◆ Task brief:
The response must be made up of the lines in the entries below that contain "each".

[Collected data]
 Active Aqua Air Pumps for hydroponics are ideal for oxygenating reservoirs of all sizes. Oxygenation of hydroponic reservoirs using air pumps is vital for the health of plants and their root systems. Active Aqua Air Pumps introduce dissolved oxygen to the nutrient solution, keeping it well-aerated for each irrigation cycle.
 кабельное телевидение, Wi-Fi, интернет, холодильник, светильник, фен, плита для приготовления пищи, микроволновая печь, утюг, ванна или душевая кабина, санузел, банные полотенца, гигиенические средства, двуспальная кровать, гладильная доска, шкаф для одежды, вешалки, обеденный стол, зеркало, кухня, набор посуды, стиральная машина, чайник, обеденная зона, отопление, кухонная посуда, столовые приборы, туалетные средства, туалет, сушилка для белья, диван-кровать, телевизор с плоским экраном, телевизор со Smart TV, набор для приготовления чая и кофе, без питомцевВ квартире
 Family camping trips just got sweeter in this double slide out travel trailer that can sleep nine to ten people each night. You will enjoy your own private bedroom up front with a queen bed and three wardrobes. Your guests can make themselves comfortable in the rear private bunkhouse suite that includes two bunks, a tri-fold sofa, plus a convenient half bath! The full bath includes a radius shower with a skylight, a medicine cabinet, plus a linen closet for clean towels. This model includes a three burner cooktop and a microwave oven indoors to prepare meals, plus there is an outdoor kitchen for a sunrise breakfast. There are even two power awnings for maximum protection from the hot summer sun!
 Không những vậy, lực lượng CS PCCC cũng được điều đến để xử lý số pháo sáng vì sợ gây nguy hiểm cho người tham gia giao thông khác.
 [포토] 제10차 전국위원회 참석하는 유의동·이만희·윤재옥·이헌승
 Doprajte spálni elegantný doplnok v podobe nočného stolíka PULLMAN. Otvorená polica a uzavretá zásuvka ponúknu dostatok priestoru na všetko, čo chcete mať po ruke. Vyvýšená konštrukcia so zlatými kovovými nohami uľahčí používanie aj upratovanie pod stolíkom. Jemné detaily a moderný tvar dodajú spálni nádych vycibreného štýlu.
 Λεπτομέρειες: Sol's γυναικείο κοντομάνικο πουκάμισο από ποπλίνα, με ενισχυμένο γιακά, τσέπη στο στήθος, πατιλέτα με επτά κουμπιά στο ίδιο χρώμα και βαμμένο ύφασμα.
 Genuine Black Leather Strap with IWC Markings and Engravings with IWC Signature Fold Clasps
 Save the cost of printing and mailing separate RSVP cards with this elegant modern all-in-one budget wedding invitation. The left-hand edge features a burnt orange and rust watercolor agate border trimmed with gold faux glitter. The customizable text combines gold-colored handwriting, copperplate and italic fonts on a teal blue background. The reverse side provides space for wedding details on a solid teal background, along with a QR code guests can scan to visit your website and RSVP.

◆ Task result:
 Active Aqua Air Pumps for hydroponics are ideal for oxygenating reservoirs of all sizes. Oxygenation of hydroponic reservoirs using air pumps is vital for the health of plants and their root systems. Active Aqua Air Pumps introduce dissolved oxygen to the nutrient solution, keeping it well-aerated for each irrigation cycle.
 Family camping trips just got sweeter in this double slide out travel trailer that can sleep nine to ten people each night. You will enjoy your own private bedroom up front with a queen bed and three wardrobes. Your guests can make themselves comfortable in the rear private bunkhouse suite that includes two bunks, a tri-fold sofa, plus a convenient half bath! The full bath includes a radius shower with a skylight, a medicine cabinet, plus a linen closet for clean towels. This model includes a three burner cooktop and a microwave oven indoors to prepare meals, plus there is an outdoor kitchen for a sunrise breakfast. There are even two power awnings for maximum protection from the hot summer sun!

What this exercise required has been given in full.